ASSIGNED TASK: Set down exactly, from the records below, the line with "這個軍人征戰1年後回家「驚見" through the line with "本体には肌触りの優しいコット", and nothing else.

DATA LISTING:
**********
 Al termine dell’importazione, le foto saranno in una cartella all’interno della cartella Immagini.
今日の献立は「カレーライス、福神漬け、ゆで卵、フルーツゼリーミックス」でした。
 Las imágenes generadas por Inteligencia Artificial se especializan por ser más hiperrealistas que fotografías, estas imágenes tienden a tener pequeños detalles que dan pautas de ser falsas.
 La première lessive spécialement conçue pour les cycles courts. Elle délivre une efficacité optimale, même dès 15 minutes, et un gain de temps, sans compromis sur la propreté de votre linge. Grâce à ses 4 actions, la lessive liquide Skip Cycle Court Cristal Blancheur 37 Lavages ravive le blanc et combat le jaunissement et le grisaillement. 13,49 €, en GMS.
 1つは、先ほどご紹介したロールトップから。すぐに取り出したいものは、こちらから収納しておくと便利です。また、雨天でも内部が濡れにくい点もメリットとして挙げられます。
**********
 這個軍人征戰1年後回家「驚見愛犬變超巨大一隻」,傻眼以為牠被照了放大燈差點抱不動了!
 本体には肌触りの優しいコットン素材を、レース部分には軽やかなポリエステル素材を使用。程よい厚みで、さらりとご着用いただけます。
**********
TASK ANSWER:
 這個軍人征戰1年後回家「驚見愛犬變超巨大一隻」,傻眼以為牠被照了放大燈差點抱不動了!
 本体には肌触りの優しいコットン素材を、レース部分には軽やかなポリエステル素材を使用。程よい厚みで、さらりとご着用いただけます。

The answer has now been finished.